_DATA SHOWN_
:::::
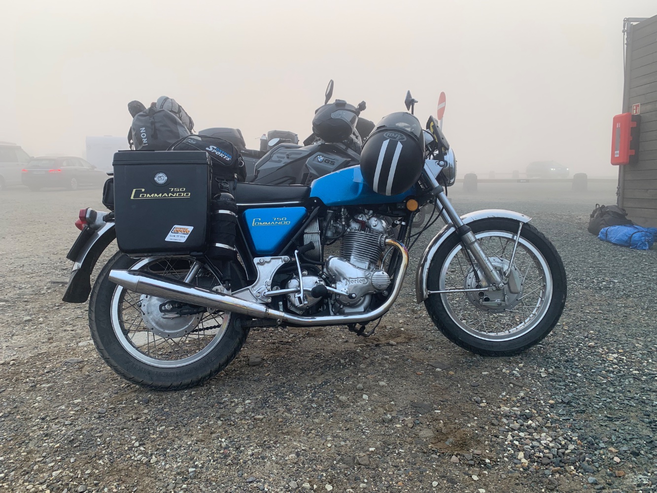 My 1972 Commando parked up at Nordkapp around 2.00 am. Being June it was still light but quite foggy. Normally at that time of day access to the globe by motorcycle wouldn’t have been denied as all the staff at the visitor centre would have gone home. However, as it was foggy, there was a Norwegian on duty to stop anyone from riding to it as there were still people walking around the area as it gets very busy. The Norwegian guy was sat in the car with the headlights on in the right of the picture.
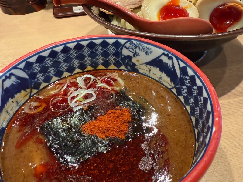 ここのラーメン豚骨がすごく強めでドロドロ。
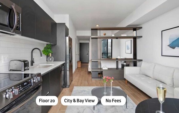 A bright, modern studio with floor-to-ceiling windows overlooking the city & bay. Perfect for couples, solo travelers, or up to 4 guests: - King bed + Sofa bed (hotel-quality linens) - Fully equipped kitchen - Washer & dryer in unit - Fast WiFi - Luxury bathroom with handicap access
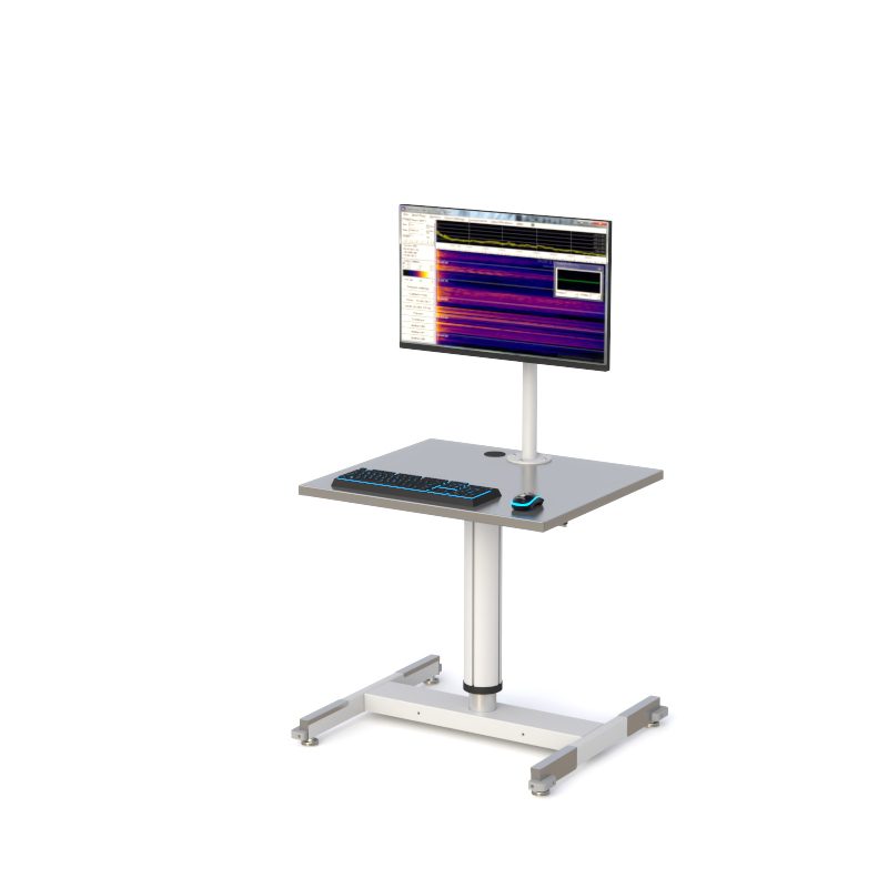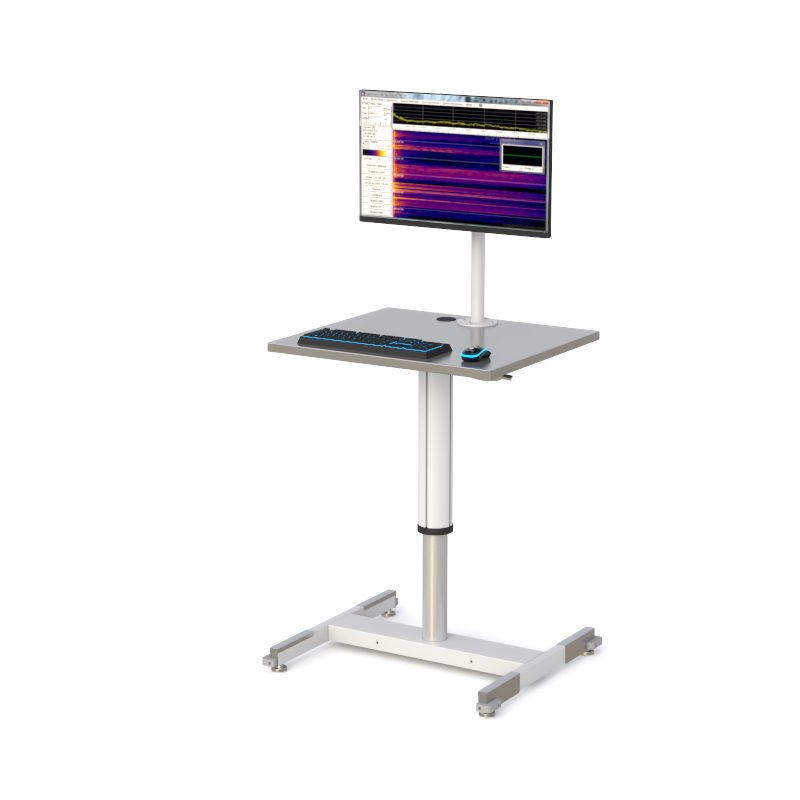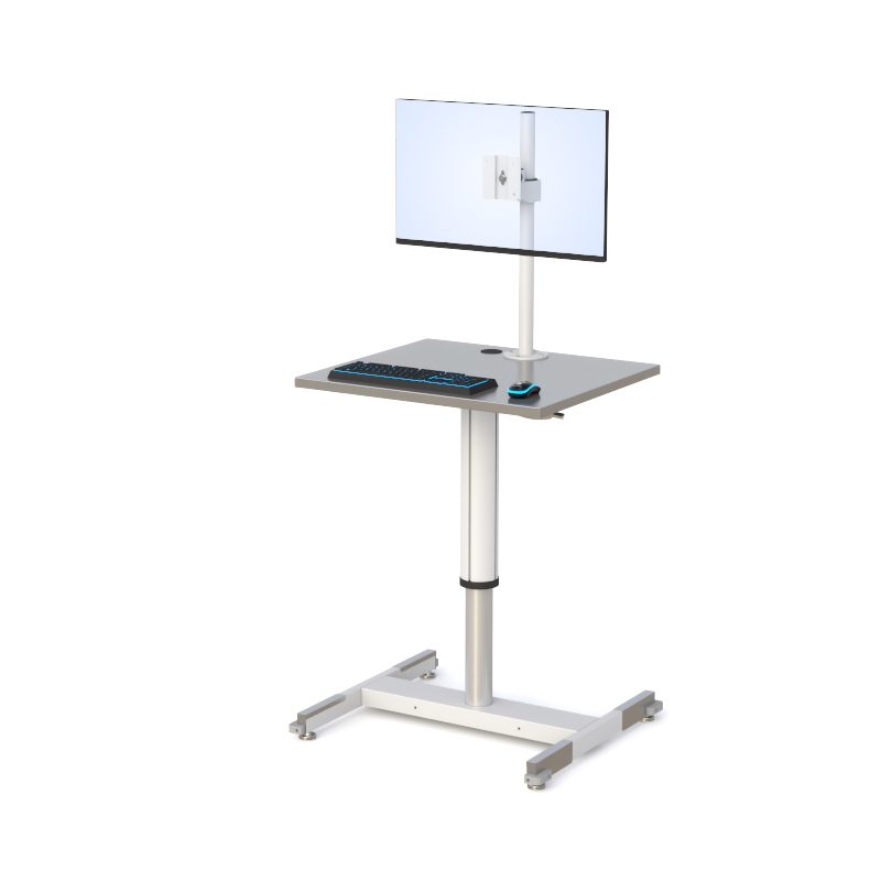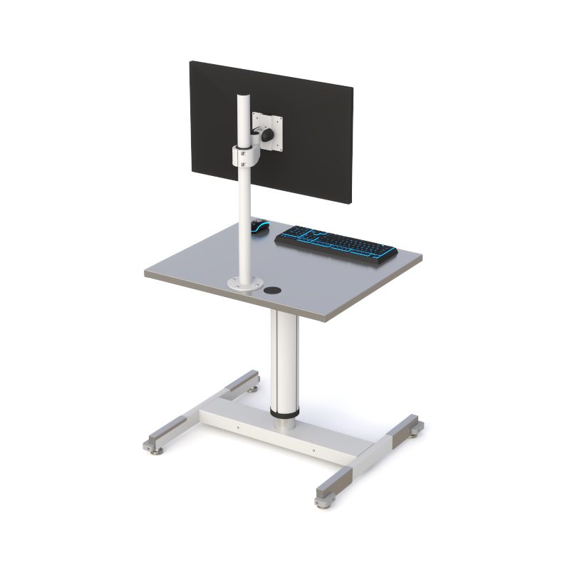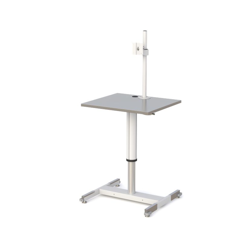 This cleanroom-ready workstation features a stainless steel work surface with a pneumatic height-adjustable post for ergonomic positioning. A VESA-compliant monitor mount supports flexible display setup, while the wide, low-profile base with adjustable floor glides provides stability on uneven floors.
:::::
Output all the data, exactly, without images.

_WRITTEN ANSWER_
 My 1972 Commando parked up at Nordkapp around 2.00 am. Being June it was still light but quite foggy. Normally at that time of day access to the globe by motorcycle wouldn’t have been denied as all the staff at the visitor centre would have gone home. However, as it was foggy, there was a Norwegian on duty to stop anyone from riding to it as there were still people walking around the area as it gets very busy. The Norwegian guy was sat in the car with the headlights on in the right of the picture.
 ここのラーメン豚骨がすごく強めでドロドロ。
 A bright, modern studio with floor-to-ceiling windows overlooking the city & bay. Perfect for couples, solo travelers, or up to 4 guests: - King bed + Sofa bed (hotel-quality linens) - Fully equipped kitchen - Washer & dryer in unit - Fast WiFi - Luxury bathroom with handicap access
 This cleanroom-ready workstation features a stainless steel work surface with a pneumatic height-adjustable post for ergonomic positioning. A VESA-compliant monitor mount supports flexible display setup, while the wide, low-profile base with adjustable floor glides provides stability on uneven floors.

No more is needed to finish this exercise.